Miscarriage

Miscarriage is defined as pregnancy loss before 24 completed weeks of pregnancy. The occurrence of a miscarriage is a tragic loss for a couple trying to have a child and can be associated with significant psychological problems for the woman, their partner and family. Miscarriage is usually a single occurrence, and often followed by successful pregnancy. Recurrent miscarriage is defined as the loss of three or more consecutive pregnancies. Even after 3 consecutive losses, the chance of a successful pregnancy is over 60%. Most miscarriage occurs within the first 14 weeks of pregnancies. Maternal age and previous number of miscarriages are independent risk factors for a further miscarriage.

Vaginal bleeding is the most common symptom of a miscarriage; the bleeding may be slight spotting but sometimes very heavy with clots. The bleeding is usually followed by crampy lower abdominal pain.

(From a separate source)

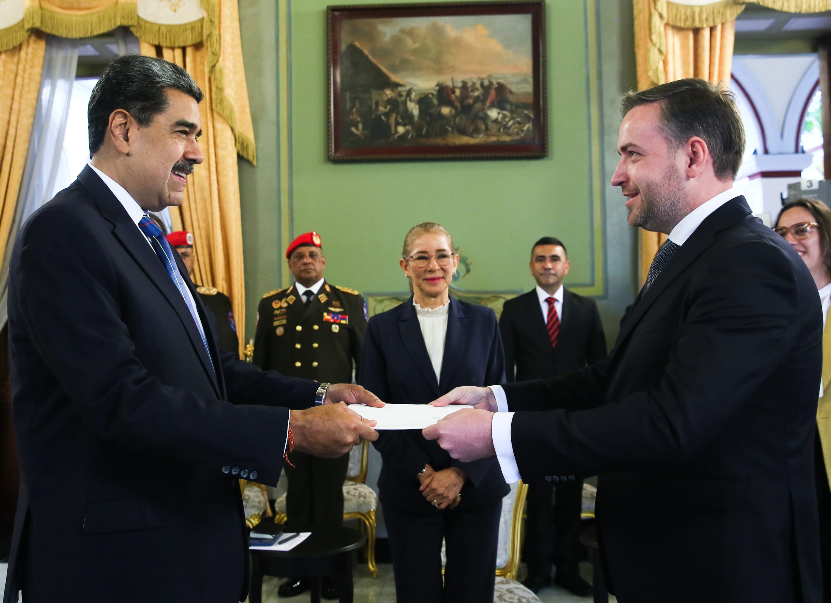 Además, tiene una peculiaridad de que el defensor de la estación también recibió las credenciales de los cinco nuevos embajadores en Venezuela de Bielarús, el reino de Camboya, la República de la Costa de Marfil, Hungría y la República de Azerbaiyán. Lejos, el gerente agradeció a los representantes diplomáticos por la presencia con Venezuela por el progreso frugal, comercial y cultural.

Types of miscarriage (Abortion)

When vaginal bleeding is slight, there is no or mild pain, the cervix is closed and the uterus feels the correct size for date. The diagnosis of "threatened miscarriage" is made. The woman is usually advised bed rest, bleeding and pain may settle down and pregnancy may proceed normally. However, if the bleeding become very heavy, the cervix opens up and the woman complains of intense cramping, the fetus will subsequently pass out; this is called "inevitable abortion". If the fetus and placenta pass out of the womb completely, this is called "complete abortion". If any bits remain inside the cavity of the uterus it is called "incomplete abortion". The patient will then undergo evacuation of retained products of conception (ERPC) under a general anaesthetic. Should any tissue be left in the uterus there is a serious risk of infection. If infection intervenes the term "septic abortion" is used. 

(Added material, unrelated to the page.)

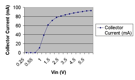 Vin (V) Ic (mA) 0.5 0 1.0 38.5 1.5 71.3 2.0 77.6 2.5 81.1 3.0 83.6 3.5 85.8 4.0 87.7 4.5 89.4 5.0 90.8 5.5 92.1 5.95 93.0 0.75 10.8 0.25 0 1.25 61.1 0.55 0.01 Note that the results above are not in order. Specifically, there are a couple of extra results on the end.
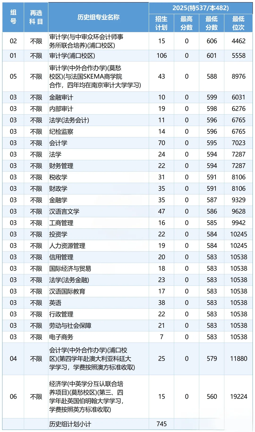 历史类最高:606分——审计学(与中审众环会计师事务所联合培养)(浦口校区)

Sometimes, the fetus dies in the womb but not expelled, and the term "missed abortion" is used.The diagnosis of all these kinds of miscarriage is made by ultrasound scan, this may show an empty sac, viable pregnancy, retained pregnancy tissue or a dead baby. If the patient has a positive pregnancy test but there are no signs of a pregnancy on the scan, this is called “pregnancy of unknown location”. A repeat scan after 7-10 days is necessary to make the diagnosis (RCOG Guidelines)

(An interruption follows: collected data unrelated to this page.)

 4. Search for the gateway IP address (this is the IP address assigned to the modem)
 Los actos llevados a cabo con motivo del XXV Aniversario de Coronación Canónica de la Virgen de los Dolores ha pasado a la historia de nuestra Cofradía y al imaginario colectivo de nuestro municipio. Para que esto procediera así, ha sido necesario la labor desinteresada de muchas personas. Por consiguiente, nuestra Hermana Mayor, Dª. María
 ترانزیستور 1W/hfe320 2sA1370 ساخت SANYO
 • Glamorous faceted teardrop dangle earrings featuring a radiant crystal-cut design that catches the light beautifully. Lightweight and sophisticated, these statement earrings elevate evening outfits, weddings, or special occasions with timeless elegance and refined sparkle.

If the scan shows a gestational sac that is less than 20 mm in diameter and with no obvious yolk sac or a fetus or the scan shows a fetus less than 6 mm in length and no obvious fetal heart beating, this is called “pregnancy of uncertain viability”. A repeat scan after 7-10 days is necessary to make the diagnosis (RCOG Guidelines).

 

Management of miscarriage

• Surgical evacuation of miscarriage and routine examination of evacuated products of conception (called suction curettage) is the norm. It is the most effective method of ensuring complete evacuation of retained products of conception. Surgical evacuation is also the method of choice when bleeding is excessive or infected tissues are present in the womb cavity. Surgical evacuation provides a rapid resolution of the problem but is associated with a 2% risk of perforation of uterus.

• Medical evacuation with drugs to aid expulsion of retained products is an effective alternative in selected cases. Medical management use a drug called prostaglandin analogue (misoprostol), with or without another drug called Mifepristone (also known as RU486) which blocks pregnancy hormones. The drugs are given orally or vaginally. Approximately 10% of patients treated medically will need surgical intervention to evacuate retained products of conception.

• Expectant management (awaiting spontaneous passage of retained products of conception) has also been increasingly used as an alternative for certain cases provided that facilities for monitoring the patient are available. It is an effective treatment. However, it may take several weeks to resolve. About 40% of patients will need surgical intervention to remove retained products of conception.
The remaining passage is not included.